If we reached the point that we didn’t physically have a truck or driver, we would quote an insane rate hoping the shipper would turn it down. Sometimes, they still said yes and when they did we cleaned up. After all, we were mercenaries.

And who was I to judge whether a rate was fair anyway? Shippers had many different reasons for calling us. Sometimes it was an emergency, other times it was a surge, sometimes it was because a contract carrier had missed the load and it had to go, other times it was because someone screwed up. Regardless of the reason, when they got to us something was wrong, but we never judged. Xpress Direct was the 911 capacity hotline. 

And even the most disciplined and preplanned shippers always ran into disruptions. I recall a major bleach brand telling me over dinner that my service was “interesting,” but not a fit. They told me they had one of the best-running logistics departments in the world and never had issues. Two weeks later the company’s vice president of the supply chain called and requested 100 loads that had to be moved immediately because of a factory issue. It was the end of the quarter and they didn’t have alternatives. Naturally, we charged them $2/mile more than a contract rate on the lane. 

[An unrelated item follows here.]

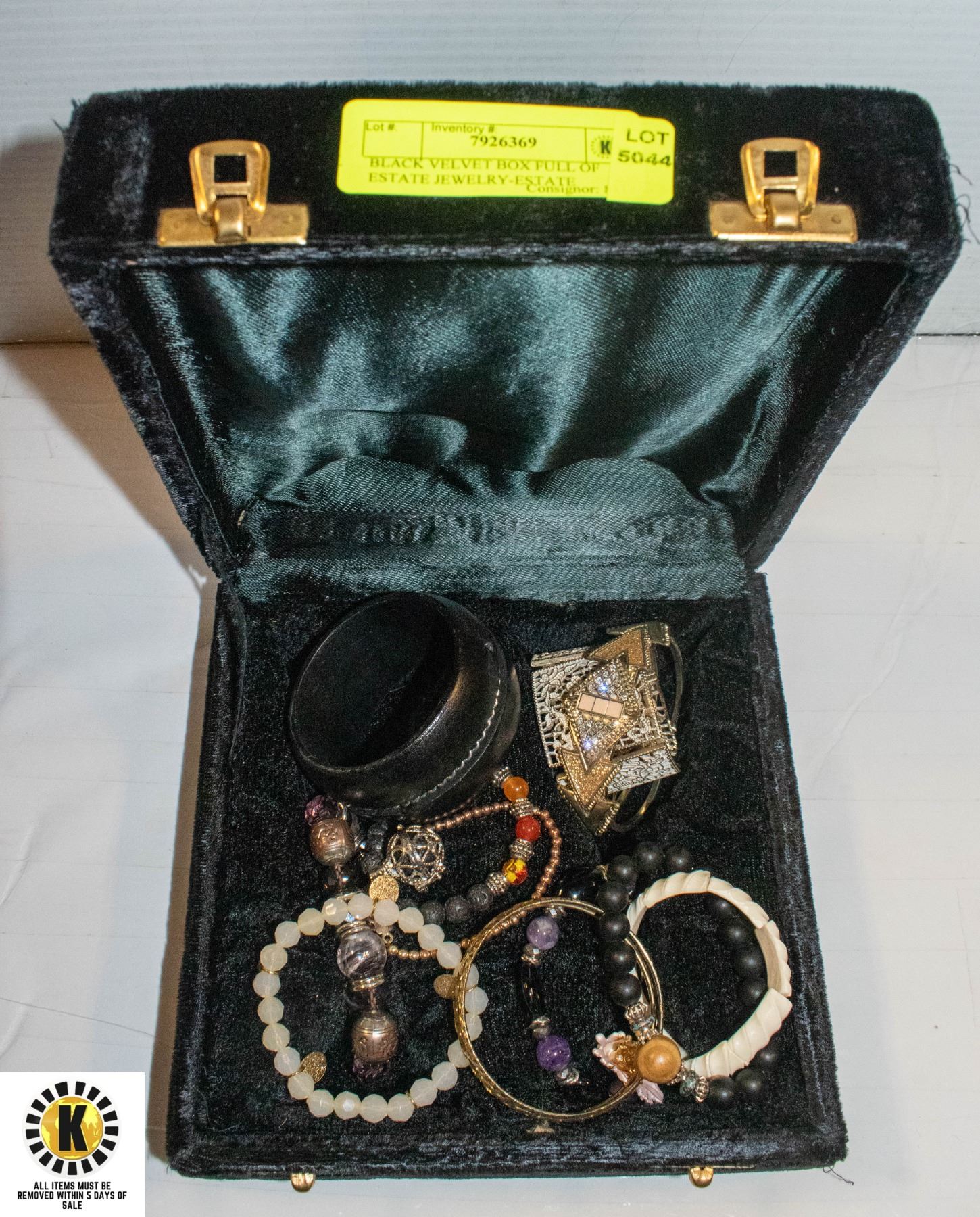 BLACK VELVET BOX FULL OF ESTATE JEWELRY-ESTATE

We had other opportunities such as the traffic manager that called on Thanksgiving day and had just been alerted about a marketing special the store was running and he had to get 85  truckloads moved from his Savannah distribution center into stores all over the Southeast before midnight so the merchandise was available for the Black Friday promotion that the marketing department forgot to tell them about. 

The most extreme example was a forwarder out of Chicago that needed to move 110 truckloads across Chicago on New Year’s Eve to another facility 30 miles away. We charged $10,000 per truckload for that. We billed more than $1 million for the work, with the vast majority being margin. 

We had water bottlers that would order hundreds of truckloads that needed to be covered. These were loads that had been left by their contract carriers and they needed to move as soon as possible.

Folks that had been in trucking for many years found the whole idea behind an on-demand offering to challenge everything they knew about trucking. How could a shipper that had always been viewed as “super cheap” pay us 2-3x what they paid for normal services? 

I knew something they didn’t, having learned it from the airfreight forwarders. There is always someone that has done such an efficient job of managing the routing guide that they simply have too much freight or something unexpected happens. And when it does, that’s when those same shippers are willing to pay. After all, they have done such an efficient job of trimming costs from their budget that they can pay a huge premium on a single load and it does not impact them.